- Jun 5, 2016
I’m sure you know that bi-wire is a single amp connection type. However, we are discussing the bi-amp use of the speaker.
My point is they chose the term "biwire" rather than "biamp" more likely than not with intention.
I read the manufacturer documents too but cannot see anywhere it says it’s bi-wire.
HINT: look at the file names for the tuning files, which are clearly posted on the product page.
What is the benefit of using a separate amplifier for each driver then?
That's the point! Basically there isn't any advantage to using two amp channels here. As I keep repeating, the engineers responsible for this loudspeaker have said it's preferable to use one stronger amp channel over two weaker channels. So all of the talk of biamping or whatever is just an irrelevant sideshow.

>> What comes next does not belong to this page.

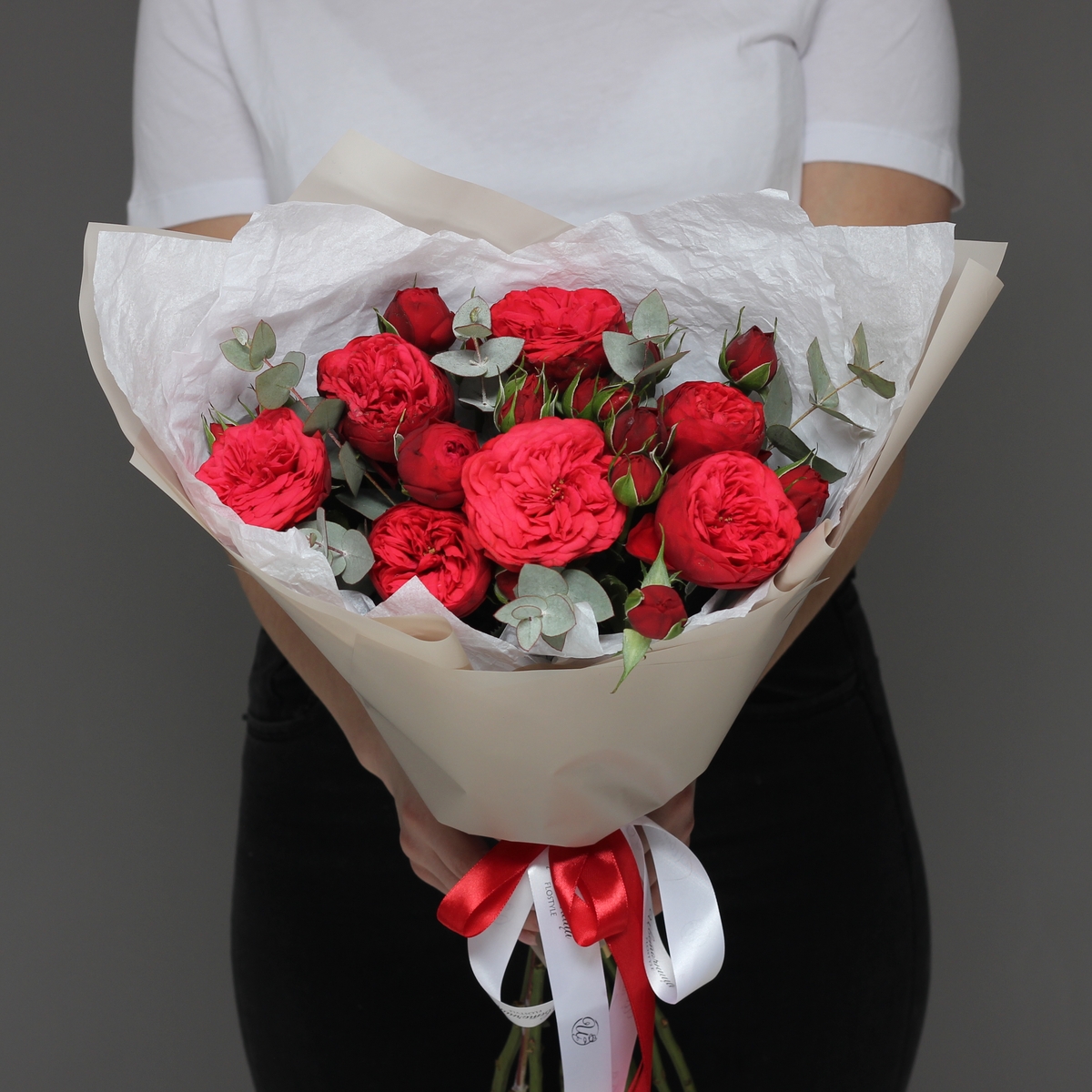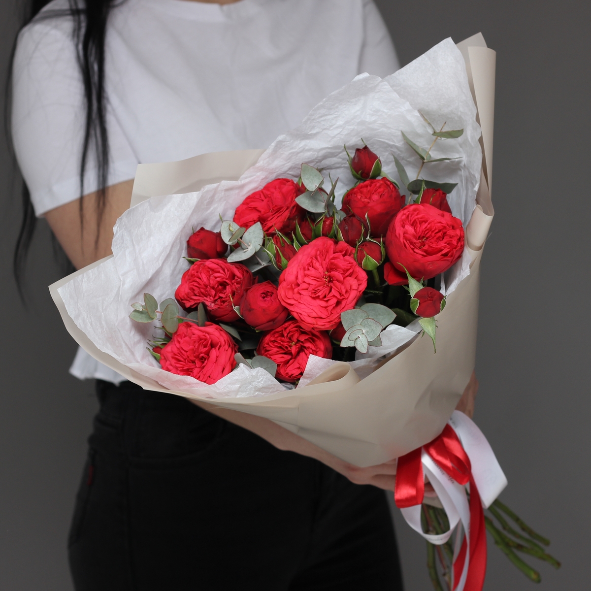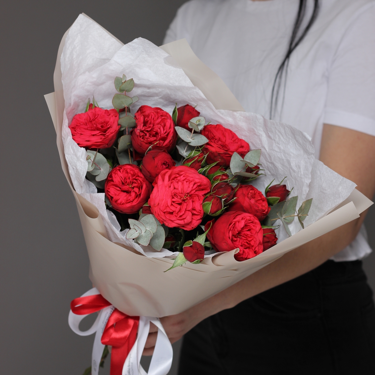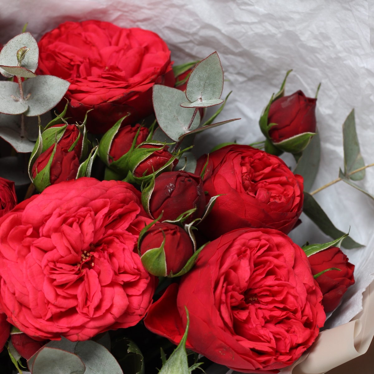 Состав: Роза кустовая Red Piano - 7 шт, Эвкалипт - 0,5 шт, Тишью белое, Матовая пленка бежевая ушками

However, so far not a single bit of information or proof was posted that shows information about an active crossover,
Here what actually matters: look at the manufacturer provided spin and compare it in the crossover region to the measured response. It is clear to anyone possessed of the intelligence and knowledge to interpret such graphs that all of the intended filtering, whatever that is, is in place. Moreover, the woofer response is not causing the major noted deviation from the published measurements; the native frequency response of the tweeter is. So instead of bitching and moaning about active whatever, maybe focus on that. Everything else is just a goddamn circle jerk. That kind of thing is of zero interest to me, so I'm out. Cheers.